We chose C++ as implementation language for the command-line executable to avoid dependencies on run-time interpreters and to maximise speed. Additionally the usage of C++ features like smart pointers, lambda functions, or hash tables from the new C++11 standard allows for terser, faster, less error-prone code. To facilitate re-use of the code in other contexts, all of the functionality is contained within a (currently static) library, with the executable being a thin wrapper around it. In the future, even tighter integration with the web interface can be imagined. In this case a python wrapper would be implemented around the library using a software package like SIP or SWIG.

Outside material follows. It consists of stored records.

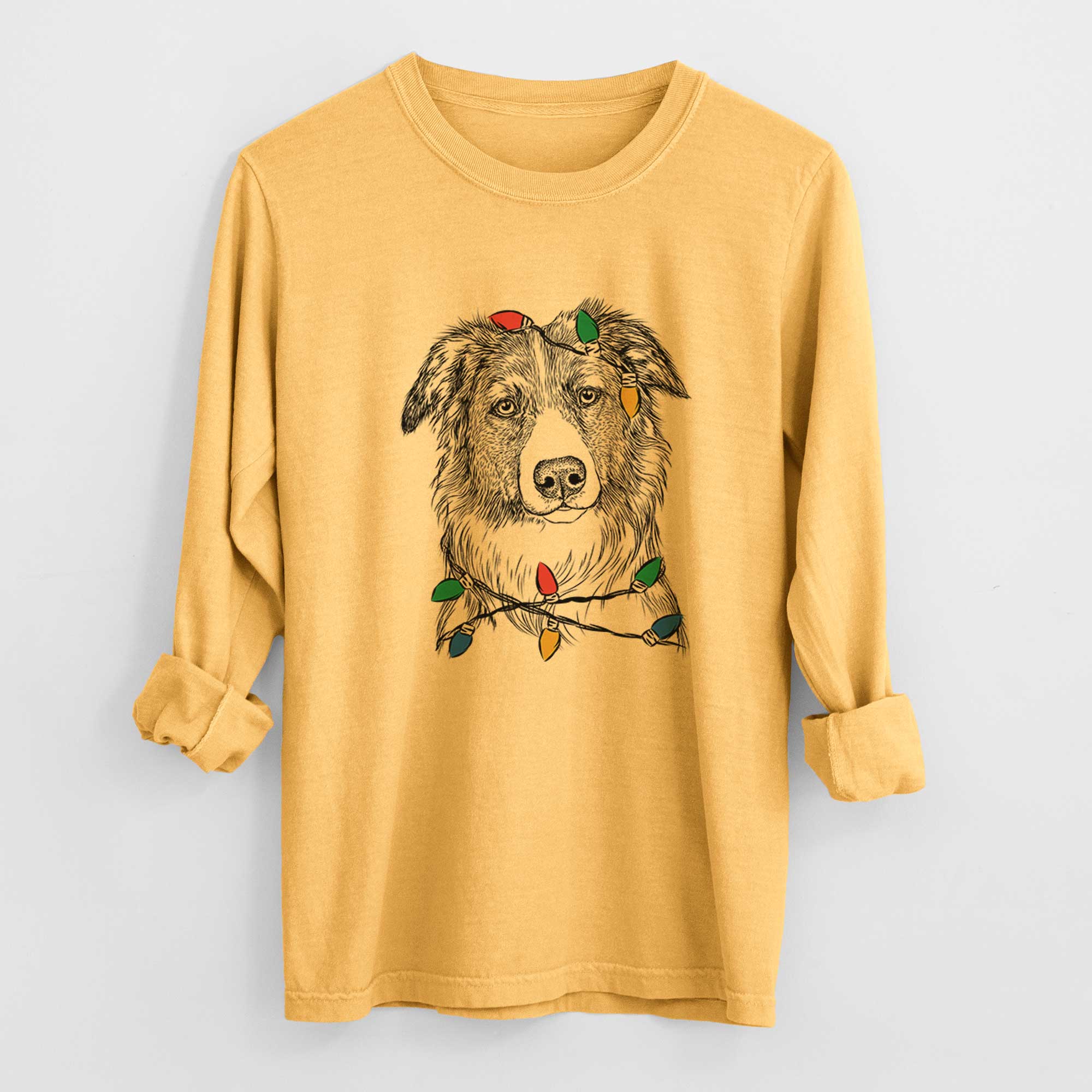 Christmas Lights Cynder the English Shepherd - Heavyweight 100% Cotton Long Sleeve
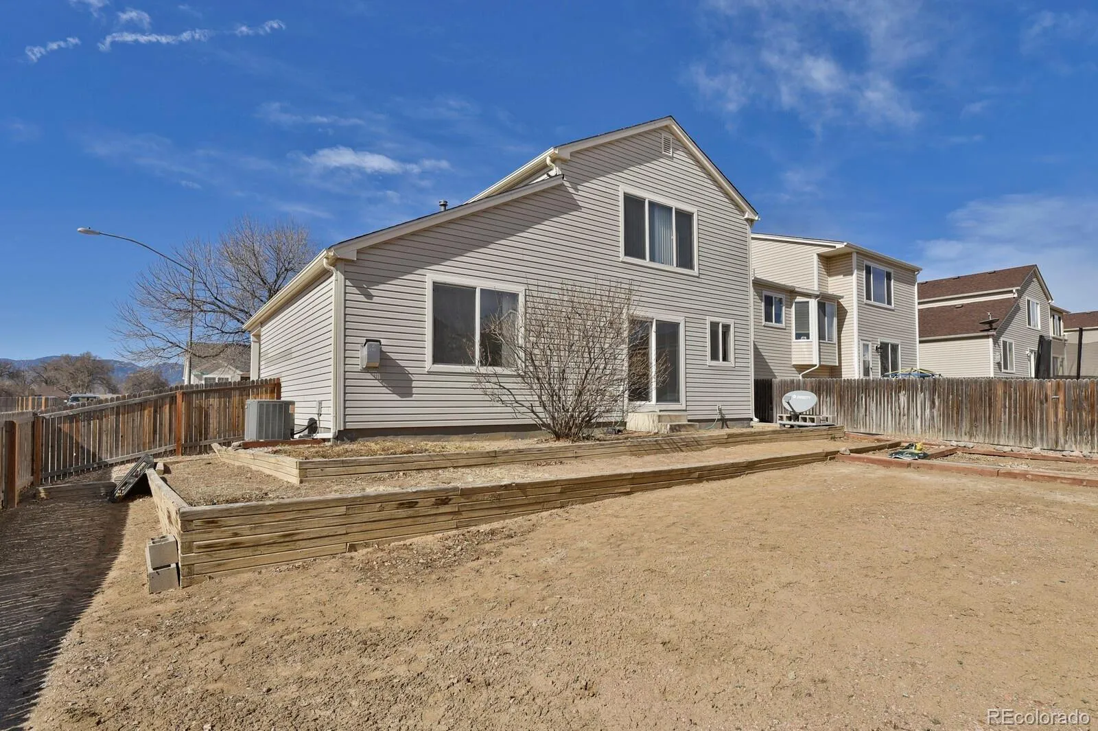 New Roof 2025! This 3-bedroom, 2 ½ bathroom, 2 car garage home is ideally located only a mile from Mesa Ridge Parkway amenities and perfectly situated for convenience and community! Corner lot with fenced backyard, rocked landscape at front and clean slate at the backyard to design your own outdoor space. Covered front porch entry. Vinyl siding. Neutral interior throughout, high ceiling & gas fireplace at the living area. The kitchen has a pantry & dining combo with slider to the backyard. Laundry room between the garage and the kitchen. All bedrooms up, primary bedroom with a private ensuite bath. Central AC to keep you cool. While it needs some updating, this presents an excellent opportunity for customization and personalization to transform this property into a comfortable home in a great location that’s near schools, parks, shopping and several military bases!
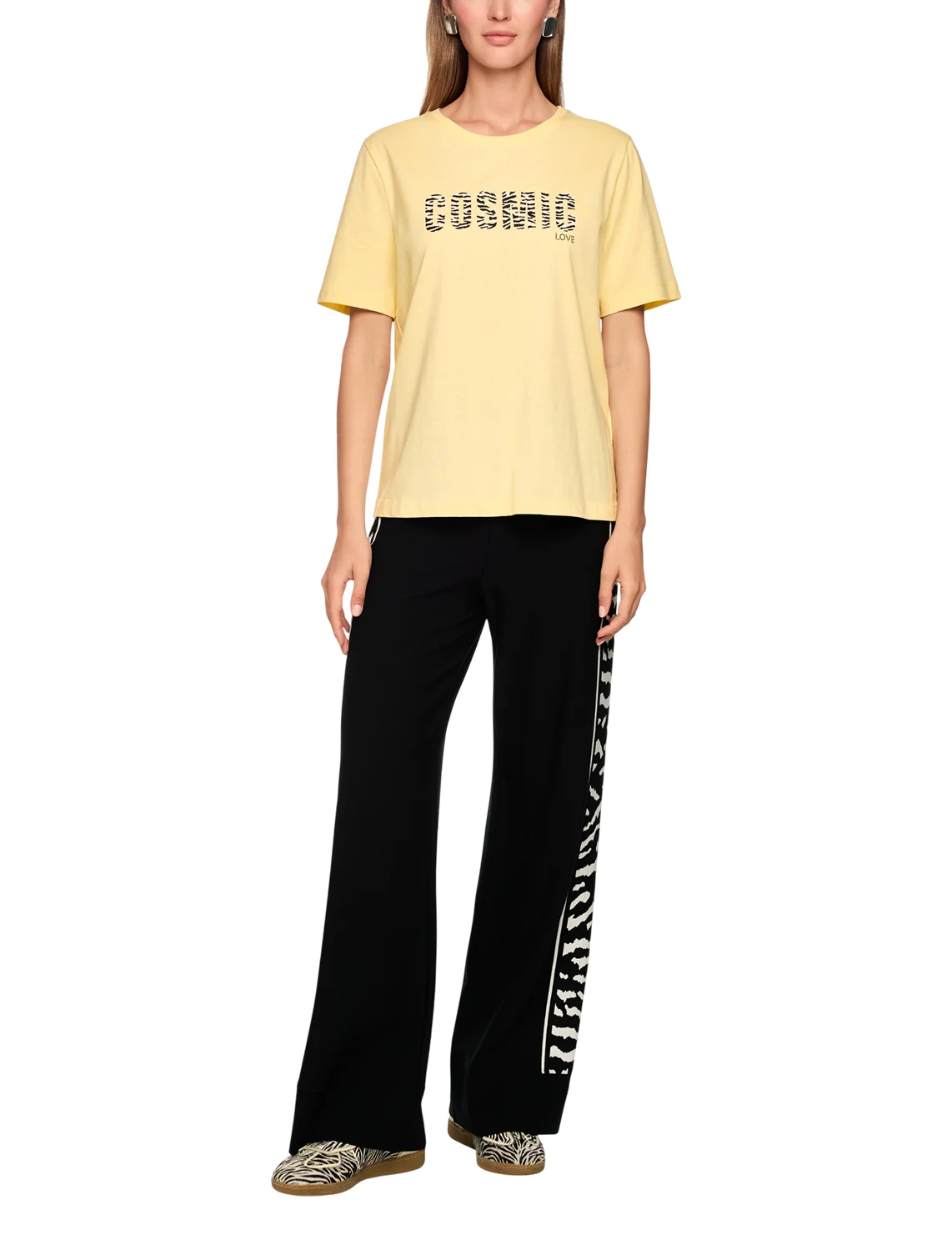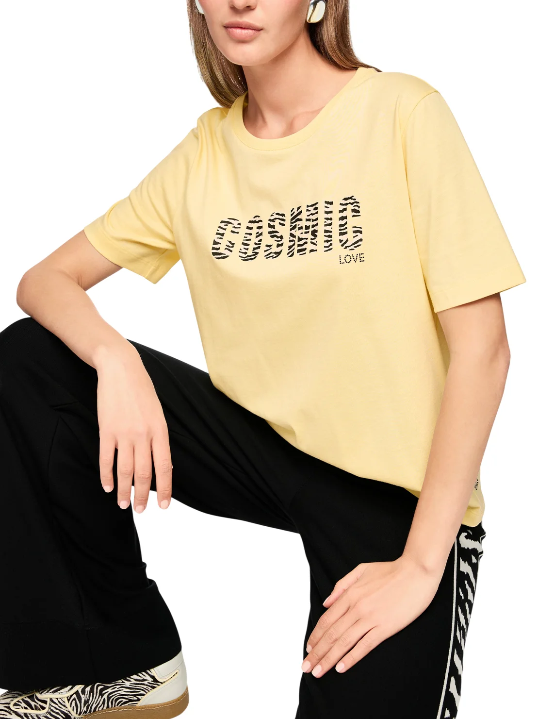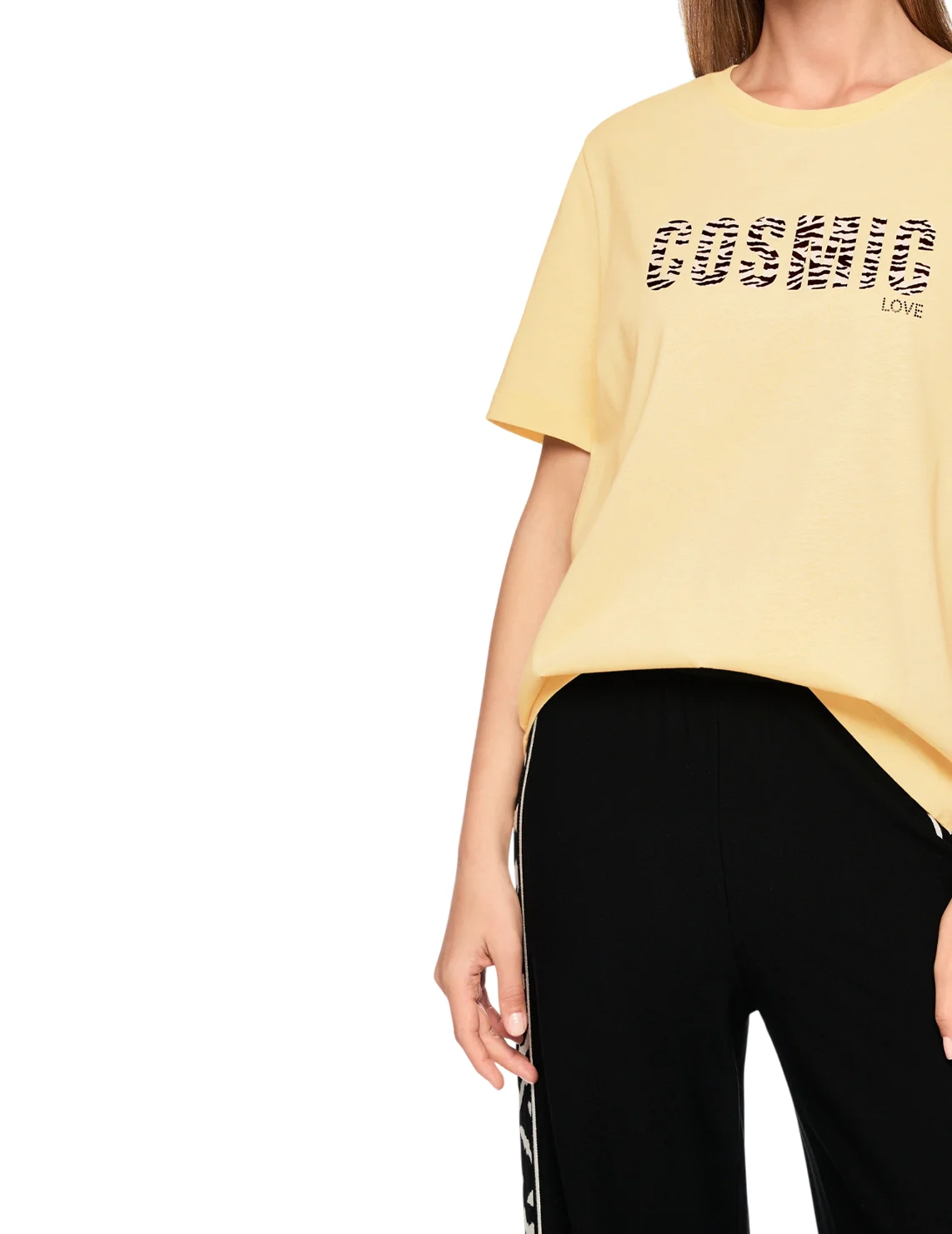 Футболка изготовлена из хлопка высокого качества. Модель выполнена в прямом крое. Имеет круглый вырез горловины и короткие рукава. Декорирована оригинальным принтом и стразами.
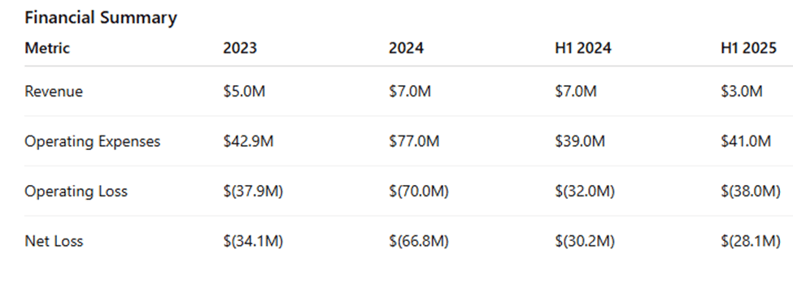 Despite promising clinical progress, Evommune remains deeply unprofitable. Like many clinical-stage biotech firms, the company has no product revenue and relies on financing to support its development programs. The financial data below underscores the company’s growing R&D investment and sustained losses:
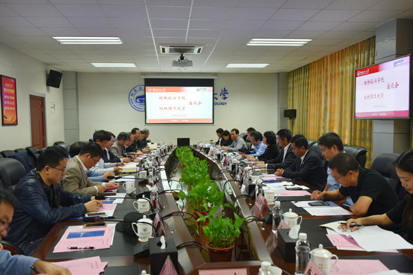 10月31日下午,桂林旅游学院党委书记林娜、校长程道品、副校长林伯明、副校长王文率该校党政办公室、人事处、发展规划处、科研处、教务处、图书馆、旅游管理学院、酒店管理学院、商学院等部门相关负责人来访beat365。学校党委书记李国忠、校长解庆林、副校长陈学军、副校长梁福沛在行知楼A201会议室接待了来访客人,学校对口单位相关负责人参加座谈交流。
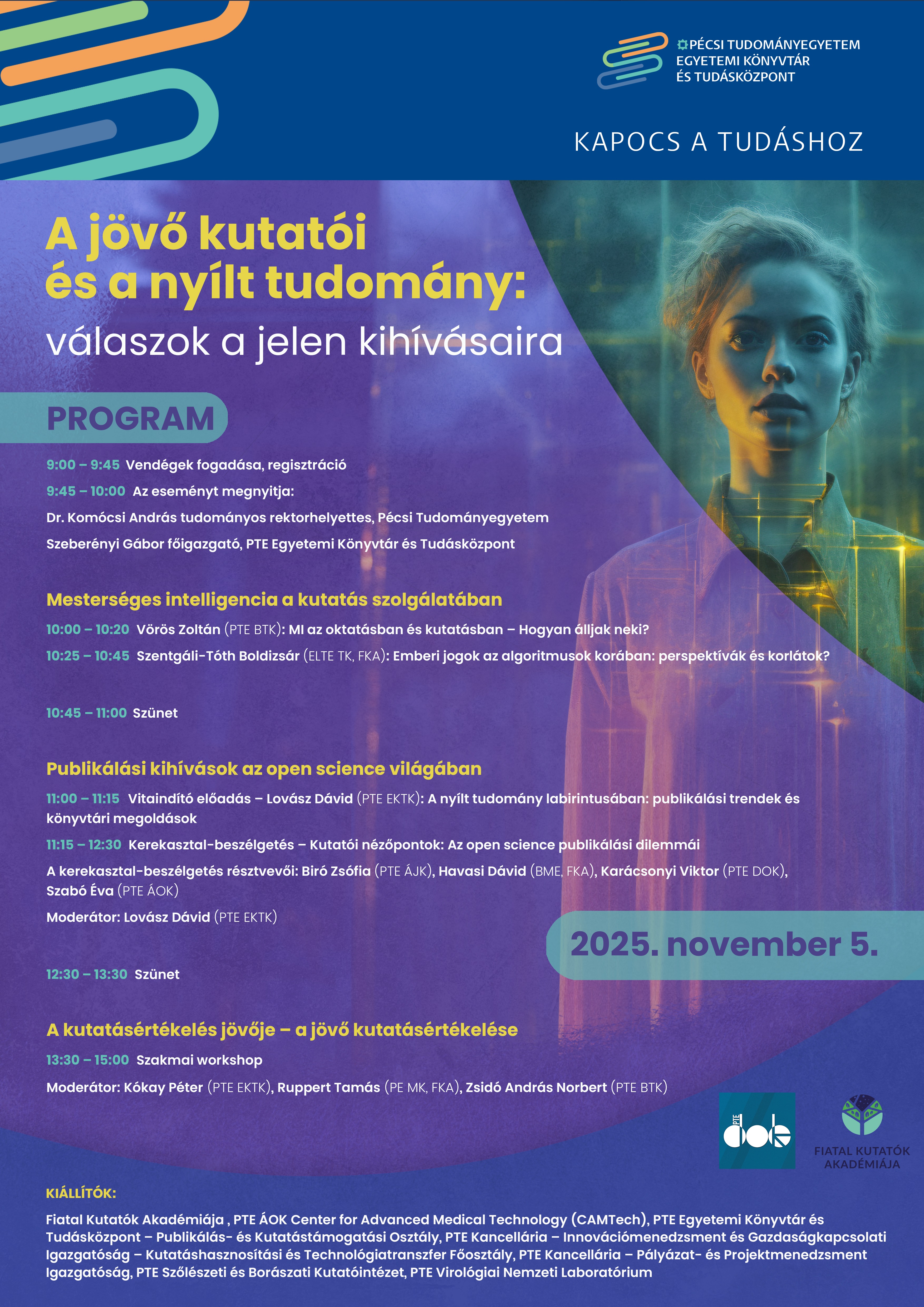 Az esemény középpontjában az Open Science aktuális kérdései, a mesterséges intelligencia tudományos szerepe, valamint a tudományos publikálás és kutatásértékelés új szempontjai állnak.
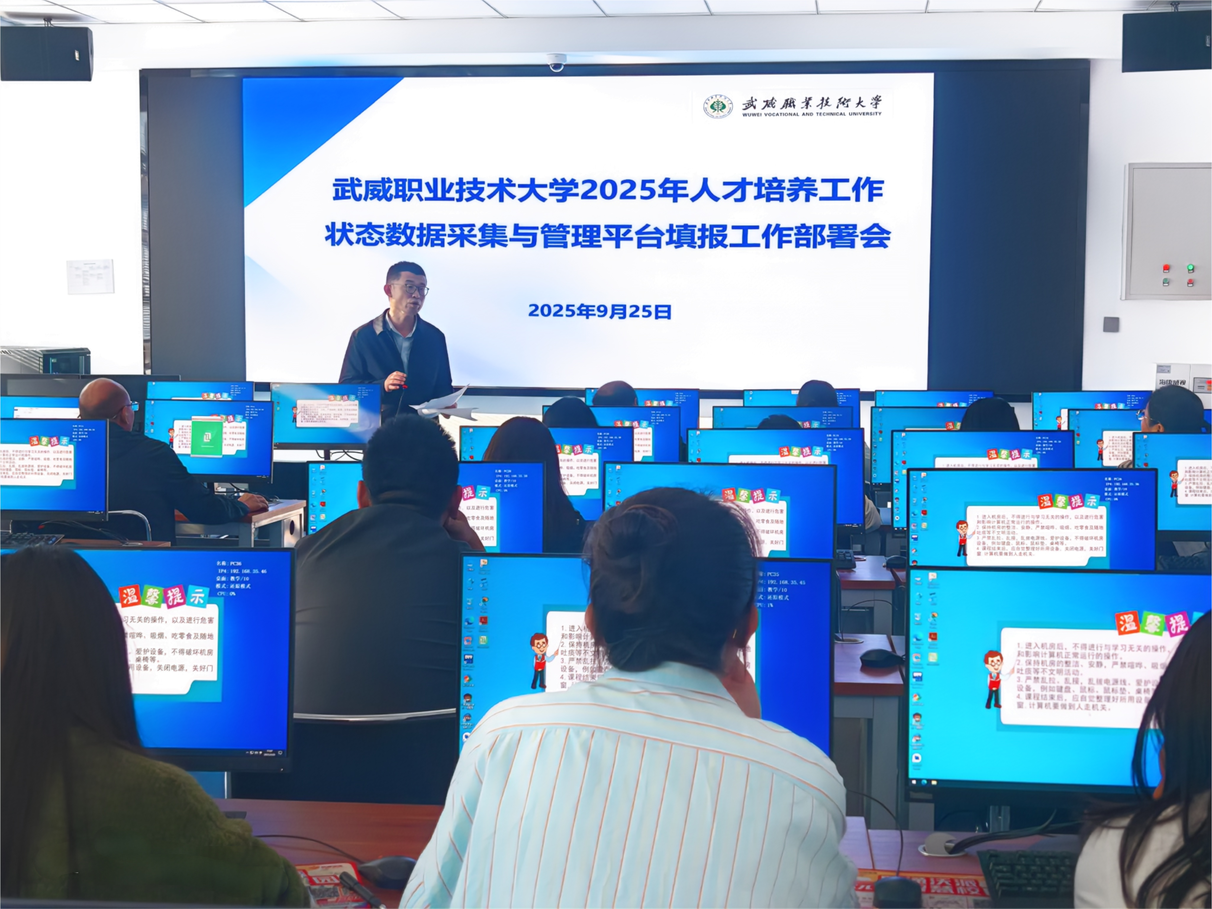 為深入貫徹落實教育部職成司《關于做好職業(yè)教育2024-2025學年數(shù)據采集工作的通知》精神,根據《甘肅省教育廳關于開展全省職業(yè)教育2024—2025學年信息數(shù)據采集工作的通知》要求,確保學校2025年人才培養(yǎng)工作狀態(tài)數(shù)據采集工作高效、有序開展。9月25日,教務處在篤行樓3樓機房組織召開學校2025年人才培養(yǎng)工作狀態(tài)數(shù)據采集工作部署會議。教務處、各學院(部)數(shù)據填報相關工作人員參加會議。
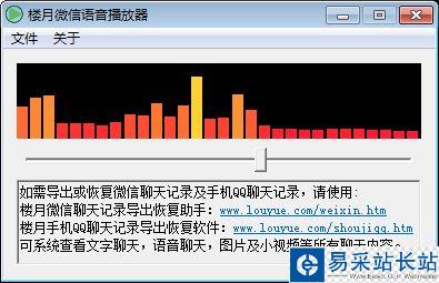 2,然后我們將復(fù)制到電腦上的slk文件,拖拽到“樓月微信語(yǔ)音播放器”上即可進(jìn)行播放。有一點(diǎn)要注意的是,我們要下載最新版V3.0才可以播放長(zhǎng)度超過(guò)一分鐘的語(yǔ)音消息,目前只有樓月軟件官網(wǎng)上可以下載到最新版本,該軟件是一款完全免費(fèi)的軟件。并且老版本的軟件的話,需要先將slk后綴手動(dòng)修改為amr后才可以播放,新版本的話,不需要修改后綴,直接拖拽到軟件界面上即可播放。
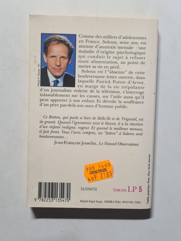 Albin Michel 1993 156 pages in8. 1993. Broché. 156 pages. Comme des milliers d'adolescentes en France Solenn seize ans est atteinte d'anorexie mentale : une maladie d'origine psychologique qui conduit le sujet à refuser toute alimentation au point de mettre sa vie en péril. Solenn est l'"absente" de cette bouleversante lettre ouverte dans laquelle Patrick Poivre d'Arvoir en marge de la vie trépidante d'un journaliste vedette de la télévision s'interroge inlassablement sur les causes sur l'aide aussi qu'il peut apporter à son enfant. Et dévoile la souffrance d'un père par-delà son aura d'homme public
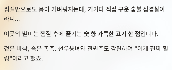 🍖 찜질 후 ‘숯 삼겹살’? 이 조합 실화?
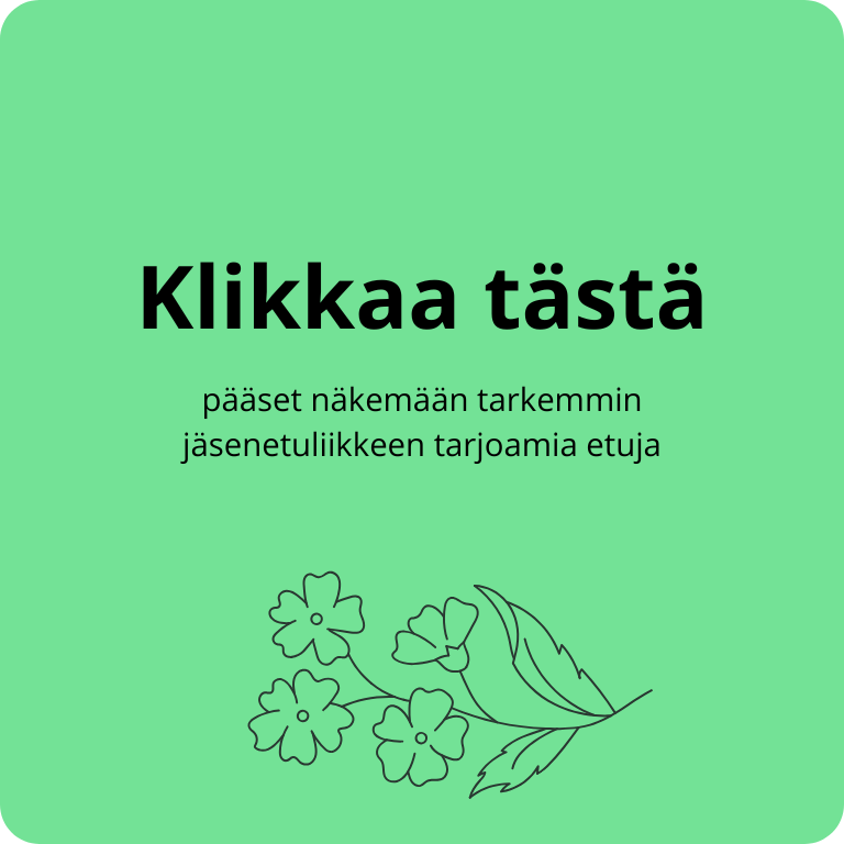 Normaalihintaisia tuotteita 5 %:n alennuksella jäsenkorttia näyttämällä.

In case the PartsRegistry or some other publically accessible NRPS database offers the necessary functionality at some point in the future we decoupled the algorithm from the database and allowed multiple database backends. We designed an abstract base class defining the interface required by other parts of our code, and a static factory function responsible for constructing an object of the appropriate backend class employing the singleton pattern, which allows only one instance of the database backend to exist within the entire program. Currently, only one database backend exists, capable of retrieving data from our MySQL database by using the MySQL C++ connector library. Custom exception classes complete the abstraction, as all SQL exceptions are caught within the MySQL backend and a DatabaseError is thrown containing information about the specific error.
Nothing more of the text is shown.